# n-dimensional Gaussian process datasets

A first exploration of high-dimensional Gaussian processes. We train a lot of models on a lot of GP datasets of various dimensions, lengthscales and training samples.

We also have some preliminary results of whether smooth functions are learned. We compute the ratio of the roughness measures for 10 training samples vs 1000 training samples. If smooth functions are learned, we would expect the roughness measure to increase or stay roughly constant.

In [None]:
import os
import sys
# If we don't need CUDA, do this before importing TF
os.environ["CUDA_VISIBLE_DEVICES"] = "-1"
import tensorflow as tf
import numpy as np
import pandas as pd
import tqdm
import tqdm.notebook
import scipy.stats
import matplotlib.pyplot as plt
import seaborn as sns
sns.set()

gpus = tf.config.experimental.list_physical_devices('GPU')
if gpus:
    tf.config.experimental.set_visible_devices([gpus[1]], 'GPU')

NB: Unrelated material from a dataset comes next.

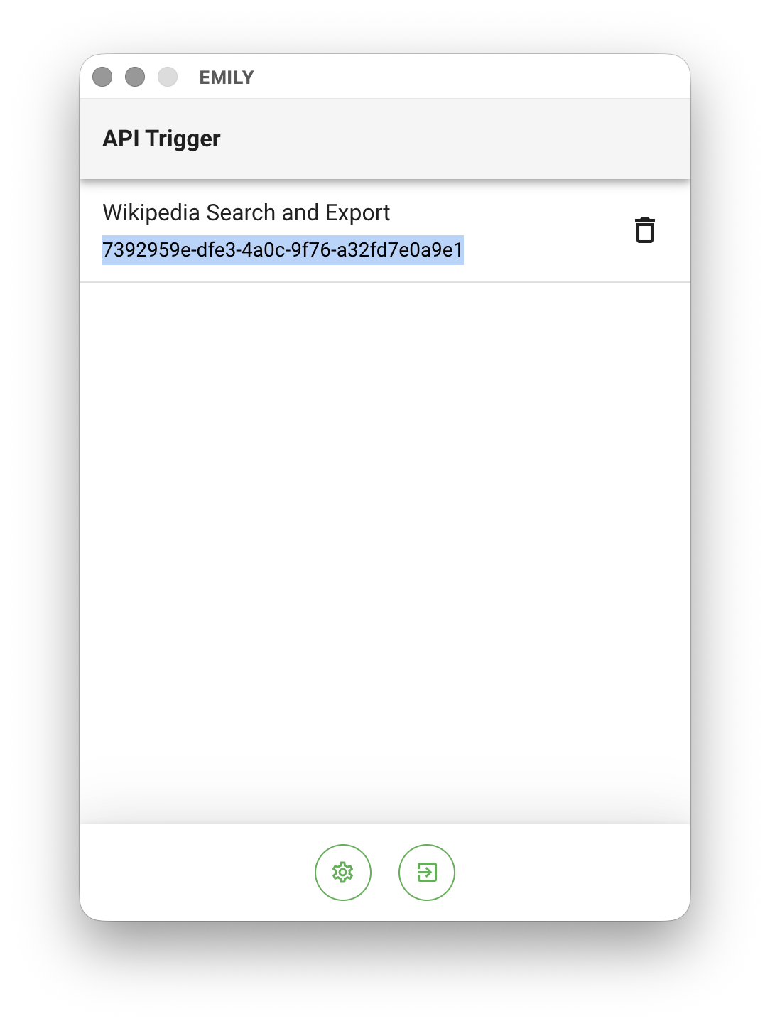 API Trigger turns EMILY.RPA into a server that provides endpoint URLs for other systems to trigger specified skills via HTTP API. This requires a static IP address or hostname, and you must ensure that the requesting device can reach the local machine through the firewall.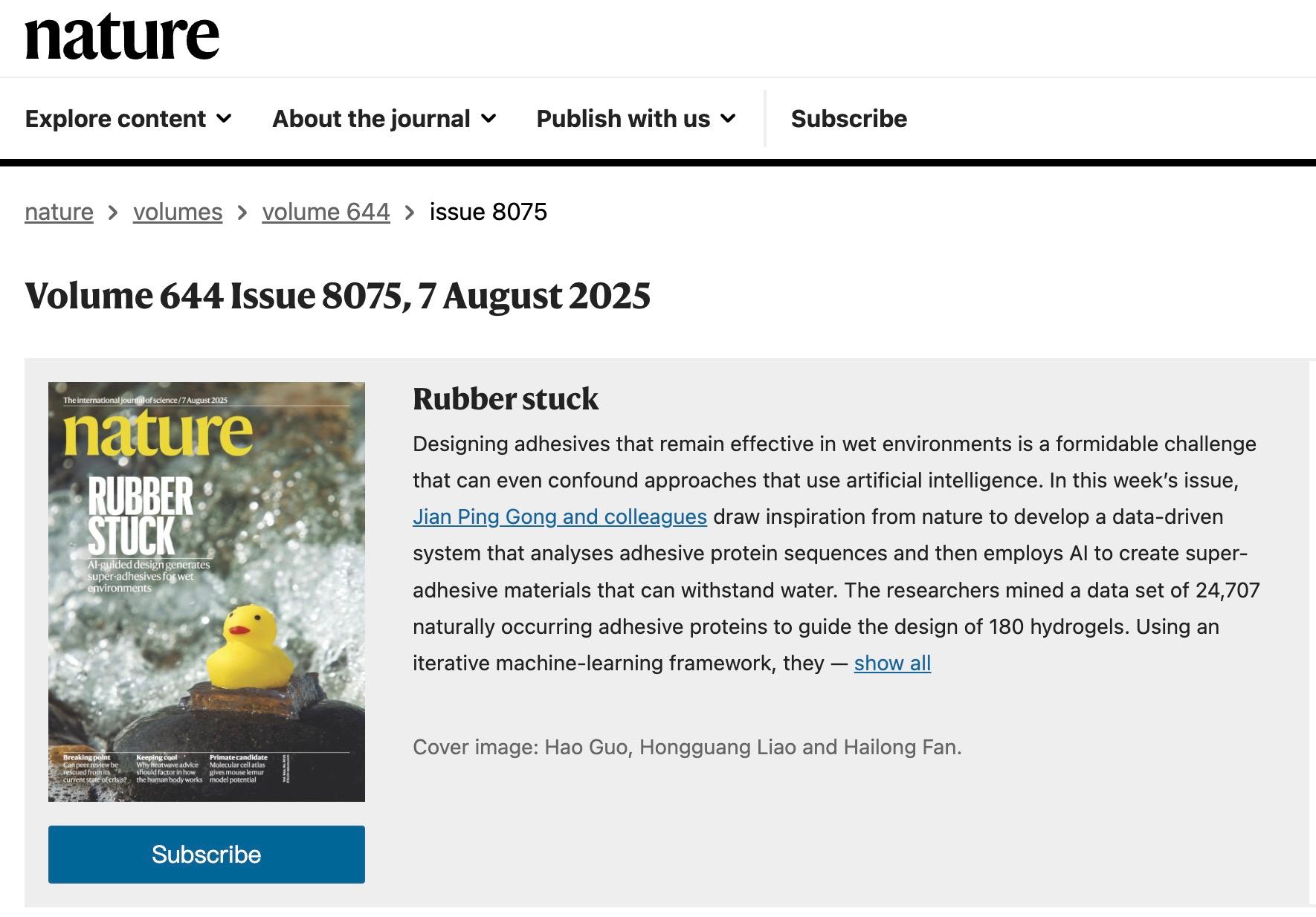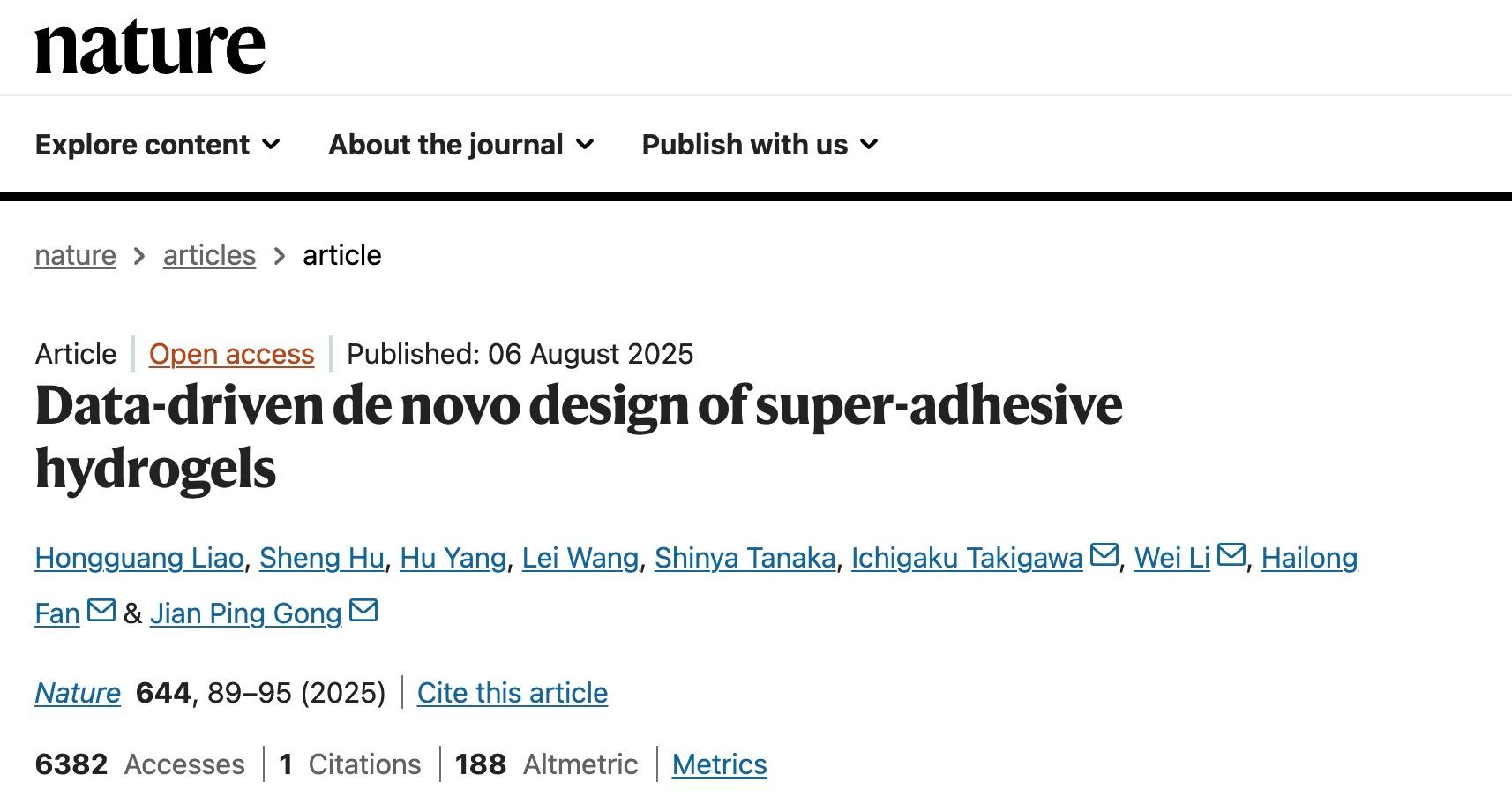 近日,乐竞平台化学与环境工程学院特聘副教授范海龙联合北海道大学教授龚剑萍等人在水凝胶领域取得重要突破。他们基于蛋白质数据库,创新性地提出了一种融合数据挖掘、仿生实验设计与机器学习的“三位一体”设计策略,成功预测并开发了水下粘附强度达到兆帕(MPa)级的超粘水凝胶。这一成果展示了一个从“仿生经验”走向“数据驱动”的完整材料设计路径。该成果发表于国际顶级学术期刊《自然》(Nature),并被选为当期封面。范海龙为通讯作者之一。

sys.path.append("/nfs/scistore12/chlgrp/vvolhejn/smooth")

os.chdir("/nfs/scistore12/chlgrp/vvolhejn/smooth/logs/0226_gp_nd/")

In [None]:
%load_ext autoreload
%aimport smooth.datasets
%aimport smooth.model
%aimport smooth.analysis
%aimport smooth.callbacks
%aimport smooth.measures
%aimport smooth.util
%autoreload 1

In [None]:
ms_raw = pd.read_feather("measures.feather")

print("Errors:", len(ms_raw[~ms_raw["error"].isnull()]))
ms_raw = ms_raw.loc[ms_raw["error"].isnull()]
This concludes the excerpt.